I would like to take a general 5 x 5 matrix which is a triangular matrix "upside down", i.e.
$$A = \begin{pmatrix} 0 & 0 & 0 & 0 & a\\ 0 & 0 & 0 & b & c\\ 0 & 0 & d & e & f \\ 0 & g & h & i & j \\ m & n & o & p & q \\ \end{pmatrix}$$
And convert it to a triangular matrix. By Schur's Theorem (the Schur Decomposition), there is a Unitary matrix $U$ so that $U^{*}AU$ is upper triangular. Mathematica doesn't want to do it with parameters, nor does it even want to do it if I put in integers (something about infinite precision). In any case, I really need the unitary matrix, as well as the triangular matrix that results.

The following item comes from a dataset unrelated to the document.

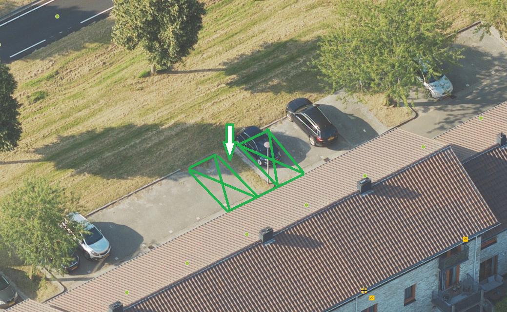 De parkeerplaatsen zijn alleen bedoeld voor het opladen van elektrische auto’s. Daarom plaatsen we het verkeersbord E08c (dit staat in bijlage I van het RVV 1990). We plaatsen ook het verkeersbord OB504 daaronder. Dit is een bord met twee pijlen die wijzen naar de parkeerplaatsen.

What I am hoping for is this: Going back the other way, I hope that for such a unitary matrix $U$, that for any (5x5) triangular matrix $T$, $U^{*}TU$ is "upside-down triangular," even if the entries end up in different spots. Proving that would be enough, even if it can be proven abstractly without finding a form for $U$.
There exists no unitary matrix $U$ such that for every triangular matrix $T$, $UTU^*$ is upside-down triangular.
To see this, it suffices to note that the identity matrix $I$ is triangular, but that $UIU^* = UU^* = I$ will fail to be upper-triangular for any unitary matrix $U$.